Line by line, repeat the data below exactly, beginning at the first line and ending at the line with "Ansprache in der". Omit pictures.

DATASET CONTENT>
━━━
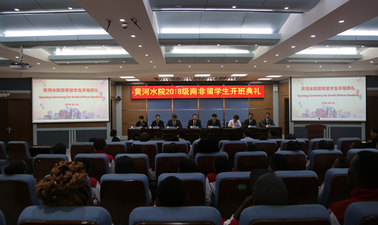 杨晓春讲话指出,党的十九大报告中提出的新时代“加强中外人文交流、促进“一带一路”国际合作和构建人类命运共同体”等有关政策精神,已成为中国发展国与国之间关系的重要指导。近年来,中国南非两国高层互访不断,民众交流日益频繁。今年1月,中国-南非职业教育合作联盟正式成立,50位南非学生是该联盟框架下学生交流项目进入黄河水院学习的第一批学生,希望南非留学生要做有诚信、守纪律的好学生好伙伴,成为南非相关专业发展的先行者和加强中国和南非人文交流的友好使者。
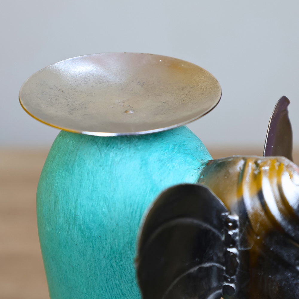 Celebrate Indian artistry with this set of three elephant candle holders hand-carved from wood and finished with gleaming metal faces. The pastel-hued bases in green, aqua, and lilac evoke playful elegance, while the metal elephant heads lend a folk-art charm that captivates. Ideal for decor enthusiasts, gift-givers, and collectors seeking color-infused accents. Packed & quality-checked by Indianshelf.
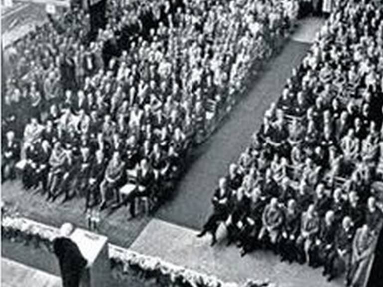 Ansprache in der Lokomotivhalle: Tausende von Henschelanern hörten Bundespräsident Theodor Heuss (vorn am Rednerpult) am 1. Mai 1953 zu. |
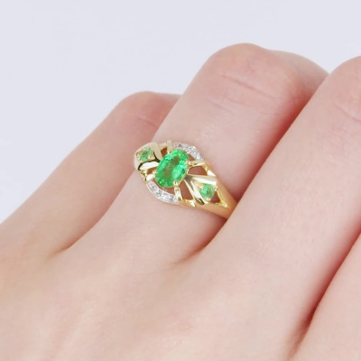 Кольцо с 8 бриллиантами природными, 0.02 карат, огранка круг 17 граней, цвет 2, чистота 2, тип огранки А; 1 изумрудом природным, 0.38 карат, цвет 3, чистота 3, тип огранки Б; 2 изумрудами природными, 0.06 карат, цвет 3, чистота 3, тип огранки В; Желтое золото 585 пробы.
━━━
EXERCISE RESULT>
 杨晓春讲话指出,党的十九大报告中提出的新时代“加强中外人文交流、促进“一带一路”国际合作和构建人类命运共同体”等有关政策精神,已成为中国发展国与国之间关系的重要指导。近年来,中国南非两国高层互访不断,民众交流日益频繁。今年1月,中国-南非职业教育合作联盟正式成立,50位南非学生是该联盟框架下学生交流项目进入黄河水院学习的第一批学生,希望南非留学生要做有诚信、守纪律的好学生好伙伴,成为南非相关专业发展的先行者和加强中国和南非人文交流的友好使者。
 Celebrate Indian artistry with this set of three elephant candle holders hand-carved from wood and finished with gleaming metal faces. The pastel-hued bases in green, aqua, and lilac evoke playful elegance, while the metal elephant heads lend a folk-art charm that captivates. Ideal for decor enthusiasts, gift-givers, and collectors seeking color-infused accents. Packed & quality-checked by Indianshelf.
 Ansprache in der Lokomotivhalle: Tausende von Henschelanern hörten Bundespräsident Theodor Heuss (vorn am Rednerpult) am 1. Mai 1953 zu. |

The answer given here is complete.